Source records:
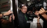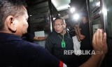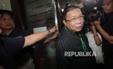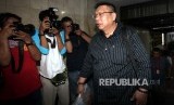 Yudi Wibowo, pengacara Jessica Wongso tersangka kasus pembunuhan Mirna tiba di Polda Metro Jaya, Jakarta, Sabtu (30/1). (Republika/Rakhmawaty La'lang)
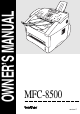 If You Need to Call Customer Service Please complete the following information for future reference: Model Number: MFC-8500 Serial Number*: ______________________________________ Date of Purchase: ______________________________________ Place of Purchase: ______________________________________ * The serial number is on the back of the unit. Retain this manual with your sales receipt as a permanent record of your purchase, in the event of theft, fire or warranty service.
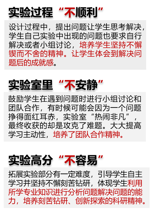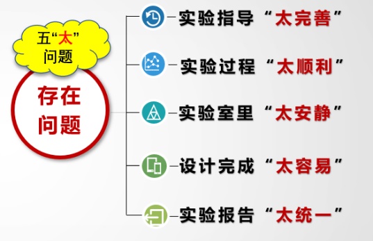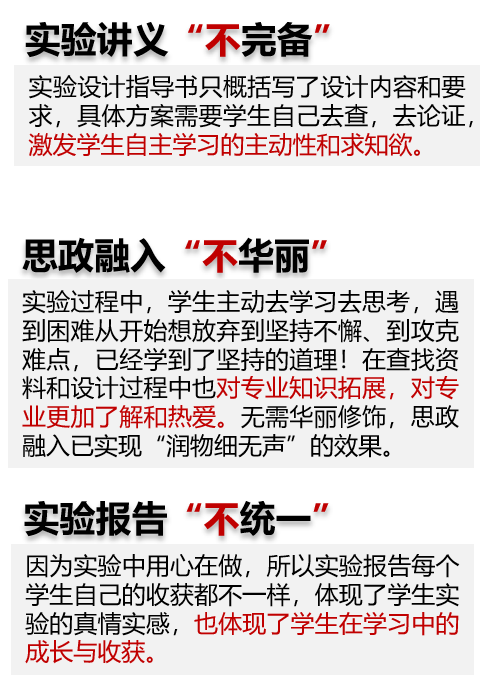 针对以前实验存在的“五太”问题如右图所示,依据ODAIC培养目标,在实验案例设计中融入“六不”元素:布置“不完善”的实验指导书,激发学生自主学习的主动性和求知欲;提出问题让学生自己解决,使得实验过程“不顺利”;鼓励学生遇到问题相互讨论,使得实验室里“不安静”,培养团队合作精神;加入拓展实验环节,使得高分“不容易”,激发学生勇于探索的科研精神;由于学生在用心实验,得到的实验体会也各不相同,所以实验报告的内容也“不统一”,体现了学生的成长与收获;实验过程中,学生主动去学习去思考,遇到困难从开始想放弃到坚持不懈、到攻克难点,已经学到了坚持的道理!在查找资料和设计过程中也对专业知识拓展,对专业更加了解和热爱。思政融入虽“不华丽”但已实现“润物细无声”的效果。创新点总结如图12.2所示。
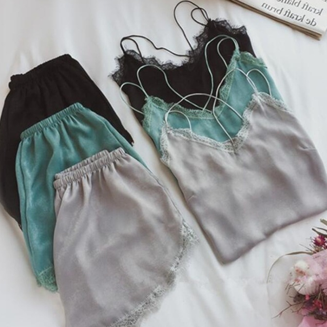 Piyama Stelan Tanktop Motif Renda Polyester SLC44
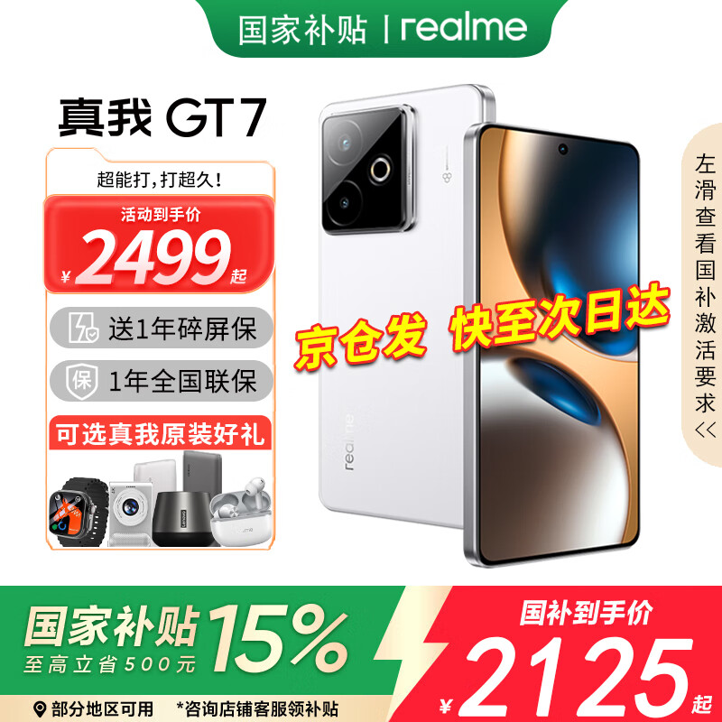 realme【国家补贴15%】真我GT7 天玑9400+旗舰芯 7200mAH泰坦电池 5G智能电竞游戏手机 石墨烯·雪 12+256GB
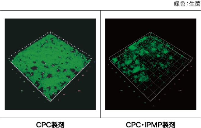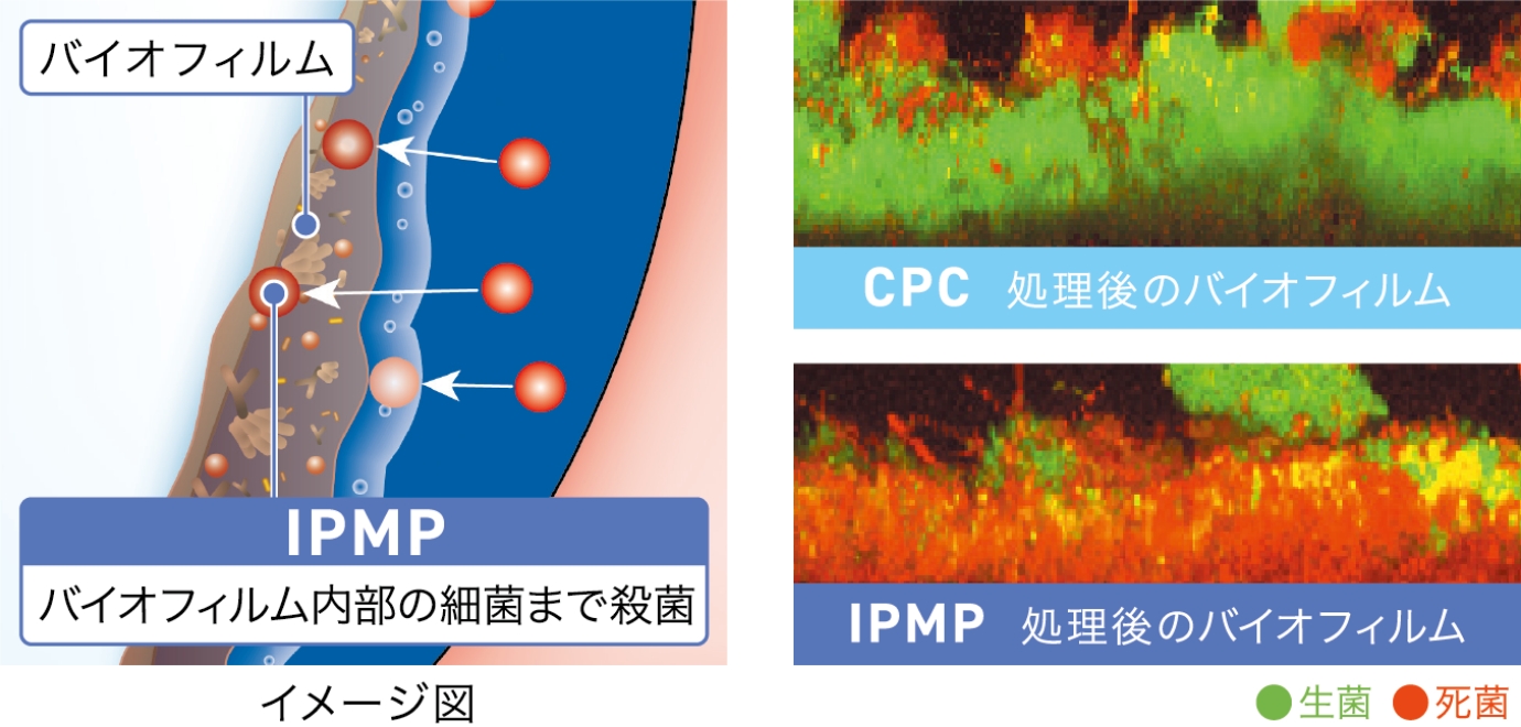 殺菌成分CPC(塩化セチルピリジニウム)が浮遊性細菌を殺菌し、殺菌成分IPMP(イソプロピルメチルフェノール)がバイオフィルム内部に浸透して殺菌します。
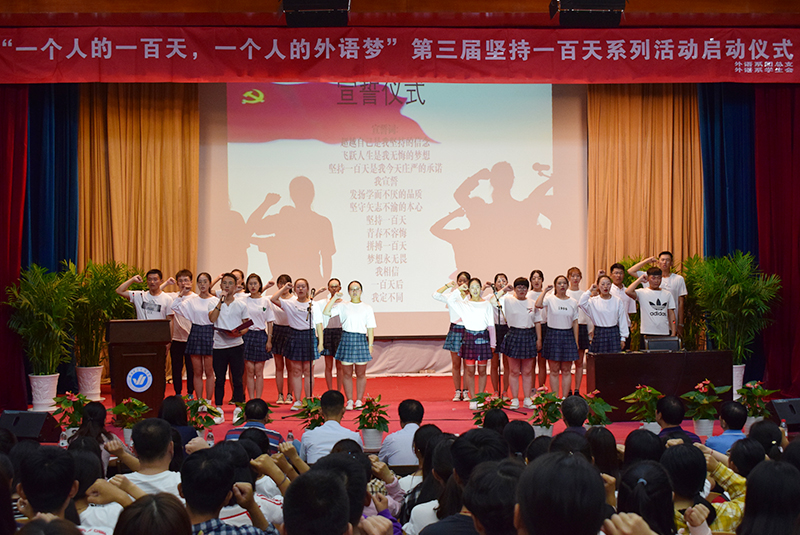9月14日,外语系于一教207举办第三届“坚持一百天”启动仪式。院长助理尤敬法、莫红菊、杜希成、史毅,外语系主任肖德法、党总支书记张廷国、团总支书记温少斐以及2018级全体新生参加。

What the task asks:
Write out an exact copy of the lines beginning at the line that contains "realme【国家补贴15%】真我GT7 天玑9400+旗舰芯 7200mAH泰坦电池" and ending at the last line of the listing. Exclude pictures.

Written reply:
 realme【国家补贴15%】真我GT7 天玑9400+旗舰芯 7200mAH泰坦电池 5G智能电竞游戏手机 石墨烯·雪 12+256GB
 殺菌成分CPC(塩化セチルピリジニウム)が浮遊性細菌を殺菌し、殺菌成分IPMP(イソプロピルメチルフェノール)がバイオフィルム内部に浸透して殺菌します。
9月14日,外语系于一教207举办第三届“坚持一百天”启动仪式。院长助理尤敬法、莫红菊、杜希成、史毅,外语系主任肖德法、党总支书记张廷国、团总支书记温少斐以及2018级全体新生参加。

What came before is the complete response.